### [Instructions for the task]
Could the data below be printed out exactly, with the pictures left out?

** Record set follows **

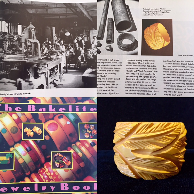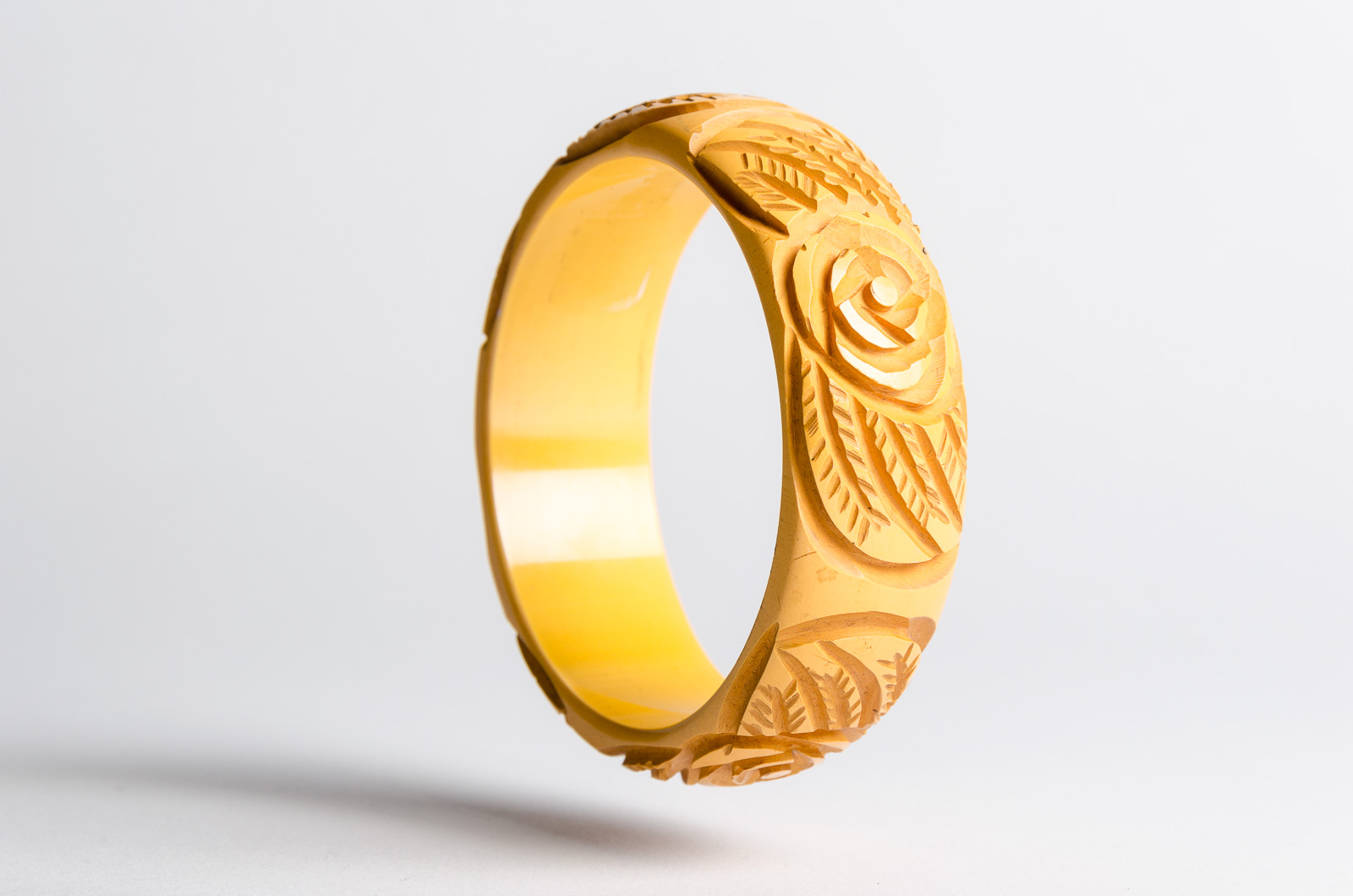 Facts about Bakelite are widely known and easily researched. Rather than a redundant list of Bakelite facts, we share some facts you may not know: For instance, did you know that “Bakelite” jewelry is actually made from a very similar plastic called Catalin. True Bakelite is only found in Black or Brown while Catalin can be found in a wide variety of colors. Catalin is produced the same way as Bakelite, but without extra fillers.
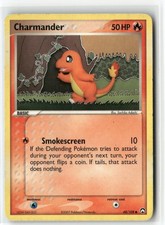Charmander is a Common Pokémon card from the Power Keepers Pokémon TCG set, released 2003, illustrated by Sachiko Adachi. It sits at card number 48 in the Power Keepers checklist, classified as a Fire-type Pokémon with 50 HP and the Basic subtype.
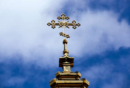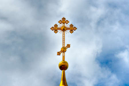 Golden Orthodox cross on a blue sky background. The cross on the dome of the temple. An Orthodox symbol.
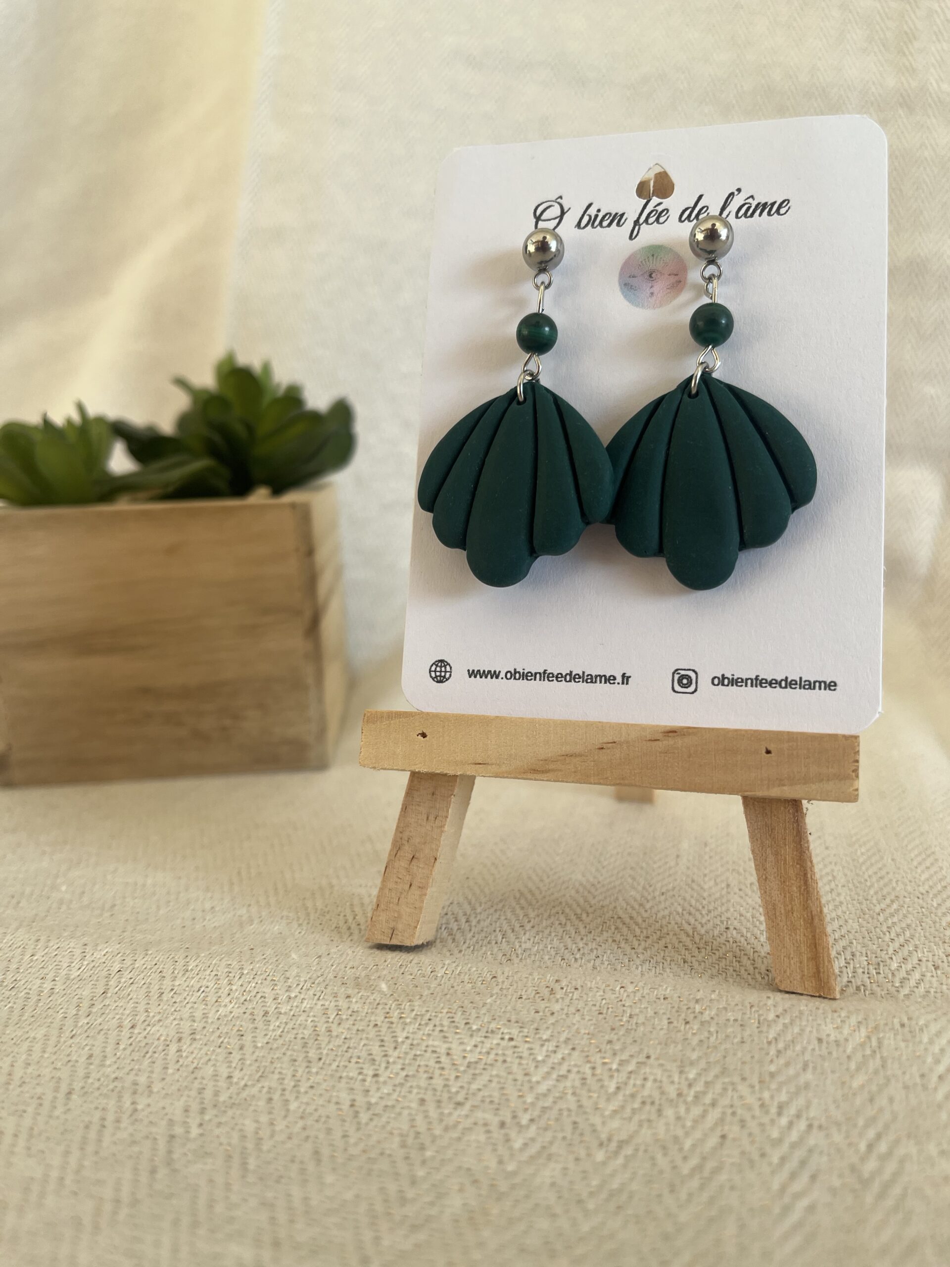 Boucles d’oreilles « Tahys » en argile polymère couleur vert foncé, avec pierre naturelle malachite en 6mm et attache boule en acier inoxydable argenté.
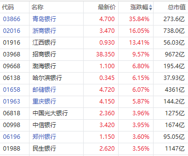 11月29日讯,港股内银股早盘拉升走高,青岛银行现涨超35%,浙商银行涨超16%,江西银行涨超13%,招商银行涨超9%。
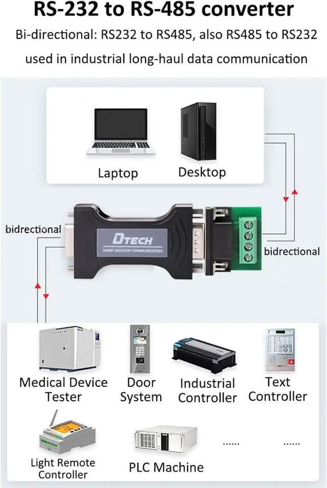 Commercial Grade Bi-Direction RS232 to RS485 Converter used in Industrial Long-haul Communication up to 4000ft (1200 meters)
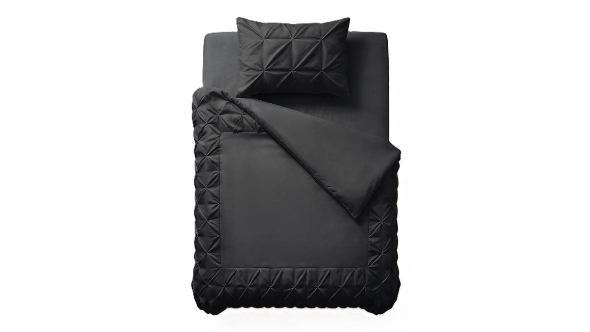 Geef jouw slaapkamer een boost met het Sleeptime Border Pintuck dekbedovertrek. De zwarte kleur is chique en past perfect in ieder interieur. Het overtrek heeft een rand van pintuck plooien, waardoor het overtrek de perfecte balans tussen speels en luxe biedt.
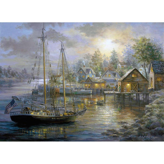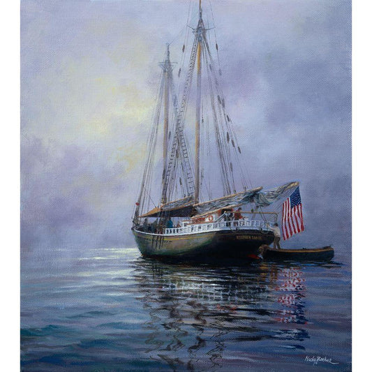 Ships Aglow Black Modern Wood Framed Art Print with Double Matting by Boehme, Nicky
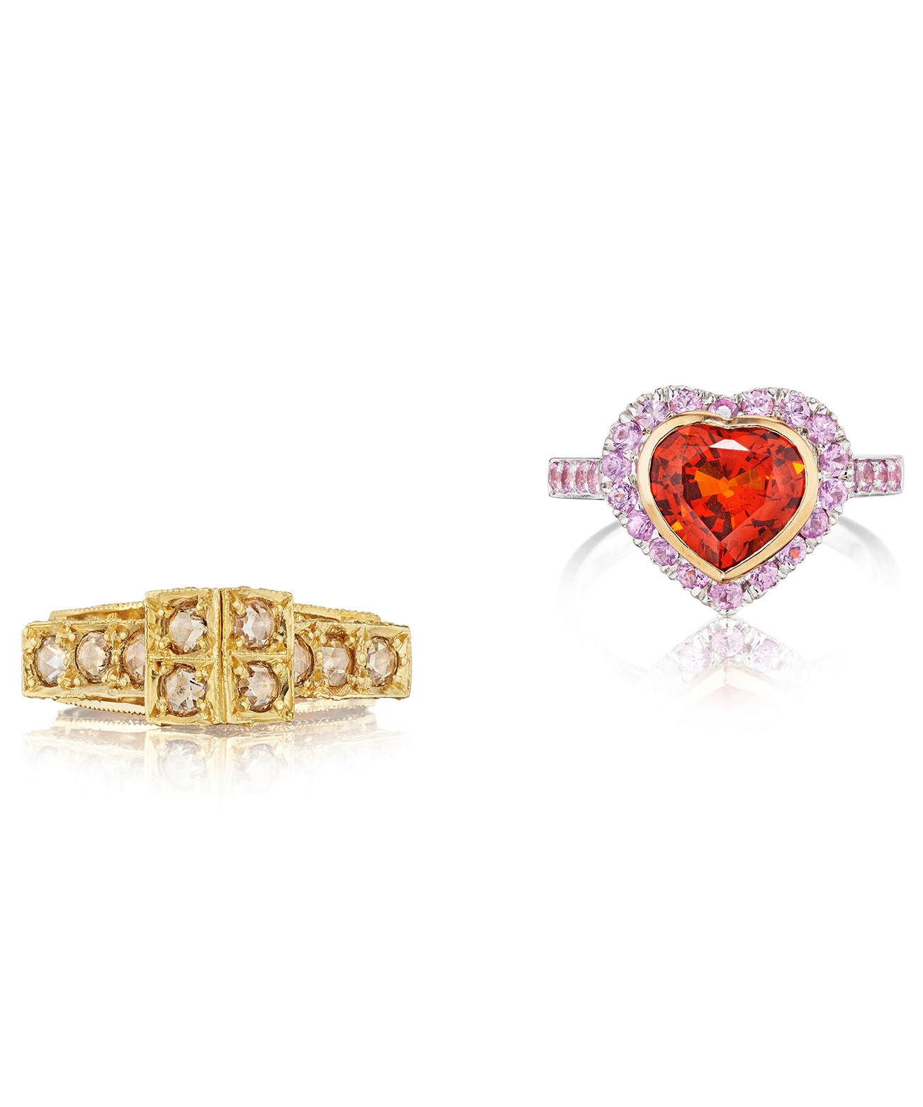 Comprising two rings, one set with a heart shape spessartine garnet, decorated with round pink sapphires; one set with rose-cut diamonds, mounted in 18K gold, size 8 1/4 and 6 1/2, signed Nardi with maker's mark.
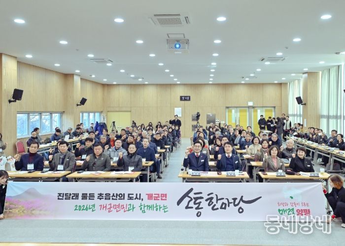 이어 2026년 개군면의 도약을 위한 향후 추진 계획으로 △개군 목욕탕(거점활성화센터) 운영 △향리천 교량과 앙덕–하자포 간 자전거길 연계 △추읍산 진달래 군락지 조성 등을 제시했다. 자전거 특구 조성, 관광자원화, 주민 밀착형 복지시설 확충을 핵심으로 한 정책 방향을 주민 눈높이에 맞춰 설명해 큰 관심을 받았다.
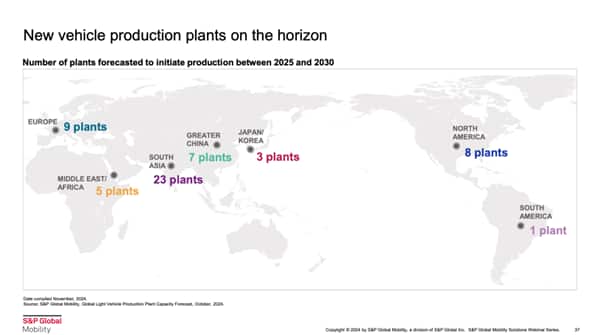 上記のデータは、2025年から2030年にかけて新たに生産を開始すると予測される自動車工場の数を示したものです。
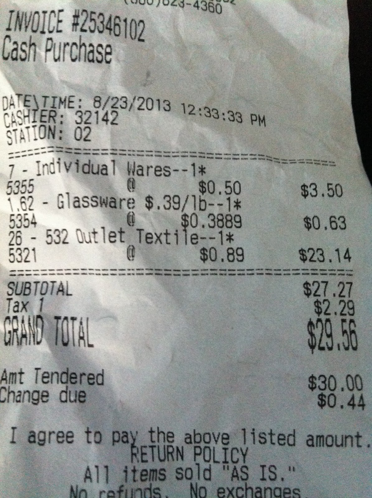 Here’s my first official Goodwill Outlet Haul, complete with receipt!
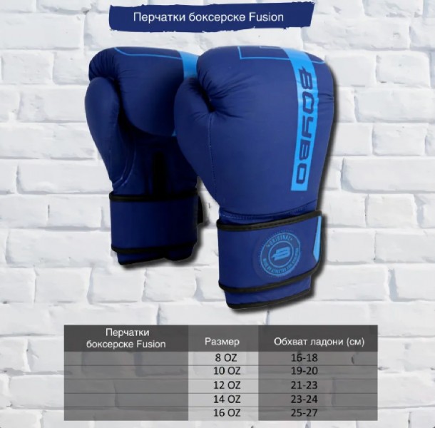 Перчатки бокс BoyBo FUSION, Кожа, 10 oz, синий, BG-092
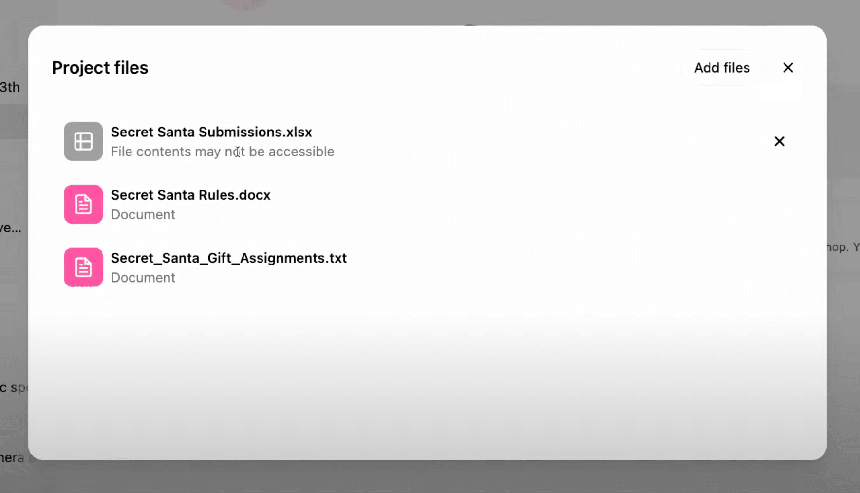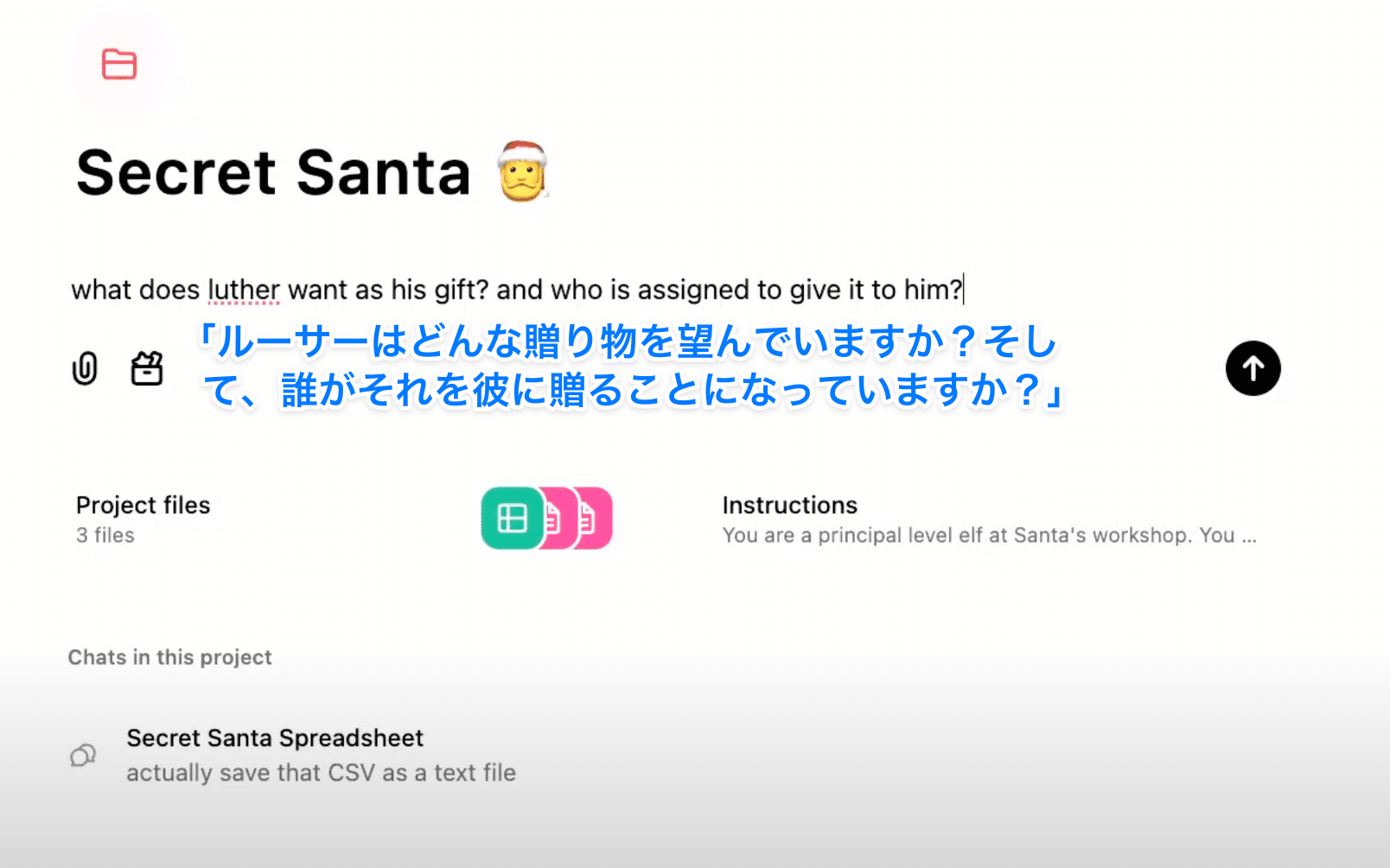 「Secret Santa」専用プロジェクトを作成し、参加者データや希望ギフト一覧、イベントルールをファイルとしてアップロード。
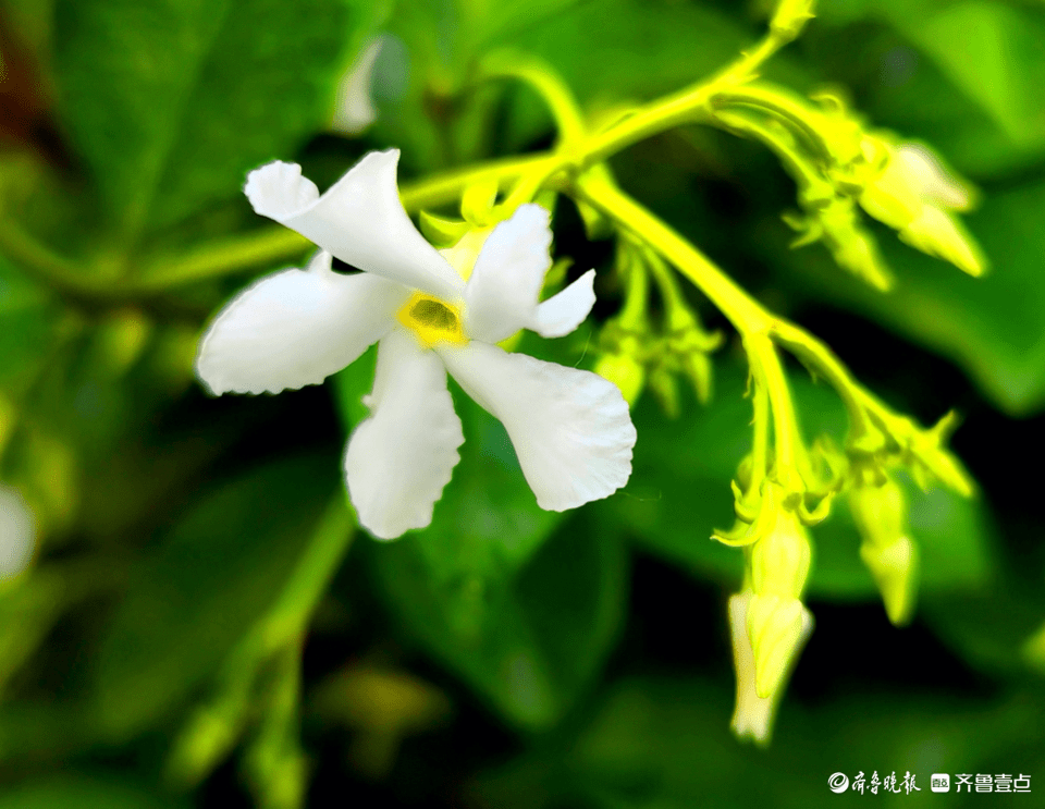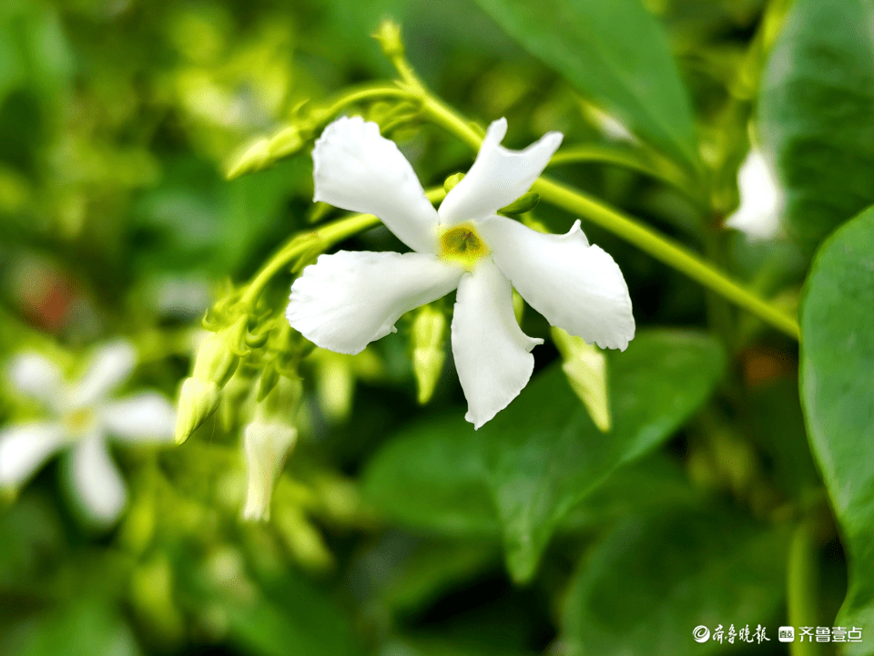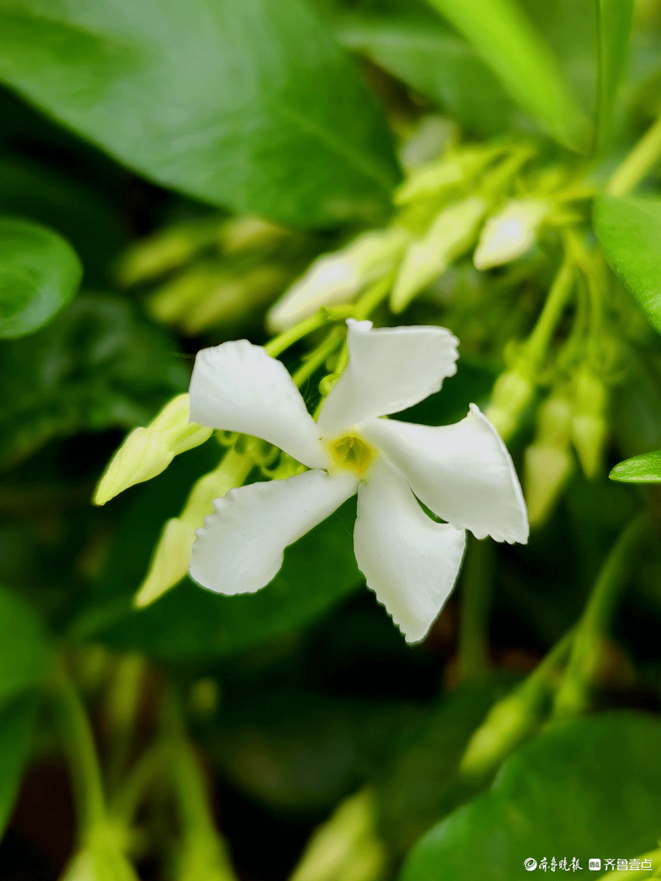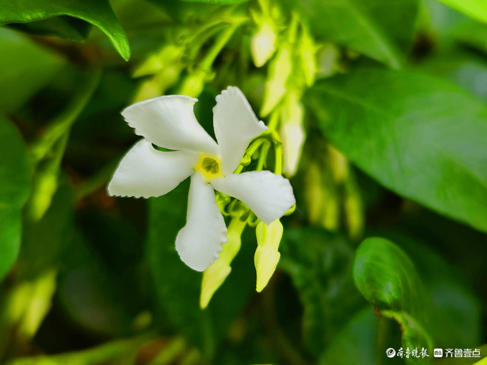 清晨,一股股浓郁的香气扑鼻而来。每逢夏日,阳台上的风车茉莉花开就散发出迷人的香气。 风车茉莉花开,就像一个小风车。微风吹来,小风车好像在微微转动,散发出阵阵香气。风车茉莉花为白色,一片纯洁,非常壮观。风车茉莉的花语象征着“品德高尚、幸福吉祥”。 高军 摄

** End of Record set **

### [Task answer]
 Facts about Bakelite are widely known and easily researched. Rather than a redundant list of Bakelite facts, we share some facts you may not know: For instance, did you know that “Bakelite” jewelry is actually made from a very similar plastic called Catalin. True Bakelite is only found in Black or Brown while Catalin can be found in a wide variety of colors. Catalin is produced the same way as Bakelite, but without extra fillers.
Charmander is a Common Pokémon card from the Power Keepers Pokémon TCG set, released 2003, illustrated by Sachiko Adachi. It sits at card number 48 in the Power Keepers checklist, classified as a Fire-type Pokémon with 50 HP and the Basic subtype.
 Golden Orthodox cross on a blue sky background. The cross on the dome of the temple. An Orthodox symbol.
 Boucles d’oreilles « Tahys » en argile polymère couleur vert foncé, avec pierre naturelle malachite en 6mm et attache boule en acier inoxydable argenté.
 11月29日讯,港股内银股早盘拉升走高,青岛银行现涨超35%,浙商银行涨超16%,江西银行涨超13%,招商银行涨超9%。
 Commercial Grade Bi-Direction RS232 to RS485 Converter used in Industrial Long-haul Communication up to 4000ft (1200 meters)
 Geef jouw slaapkamer een boost met het Sleeptime Border Pintuck dekbedovertrek. De zwarte kleur is chique en past perfect in ieder interieur. Het overtrek heeft een rand van pintuck plooien, waardoor het overtrek de perfecte balans tussen speels en luxe biedt.
 Ships Aglow Black Modern Wood Framed Art Print with Double Matting by Boehme, Nicky
 Comprising two rings, one set with a heart shape spessartine garnet, decorated with round pink sapphires; one set with rose-cut diamonds, mounted in 18K gold, size 8 1/4 and 6 1/2, signed Nardi with maker's mark.
 이어 2026년 개군면의 도약을 위한 향후 추진 계획으로 △개군 목욕탕(거점활성화센터) 운영 △향리천 교량과 앙덕–하자포 간 자전거길 연계 △추읍산 진달래 군락지 조성 등을 제시했다. 자전거 특구 조성, 관광자원화, 주민 밀착형 복지시설 확충을 핵심으로 한 정책 방향을 주민 눈높이에 맞춰 설명해 큰 관심을 받았다.
 上記のデータは、2025年から2030年にかけて新たに生産を開始すると予測される自動車工場の数を示したものです。
 Here’s my first official Goodwill Outlet Haul, complete with receipt!
 Перчатки бокс BoyBo FUSION, Кожа, 10 oz, синий, BG-092
 「Secret Santa」専用プロジェクトを作成し、参加者データや希望ギフト一覧、イベントルールをファイルとしてアップロード。
 清晨,一股股浓郁的香气扑鼻而来。每逢夏日,阳台上的风车茉莉花开就散发出迷人的香气。 风车茉莉花开,就像一个小风车。微风吹来,小风车好像在微微转动,散发出阵阵香气。风车茉莉花为白色,一片纯洁,非常壮观。风车茉莉的花语象征着“品德高尚、幸福吉祥”。 高军 摄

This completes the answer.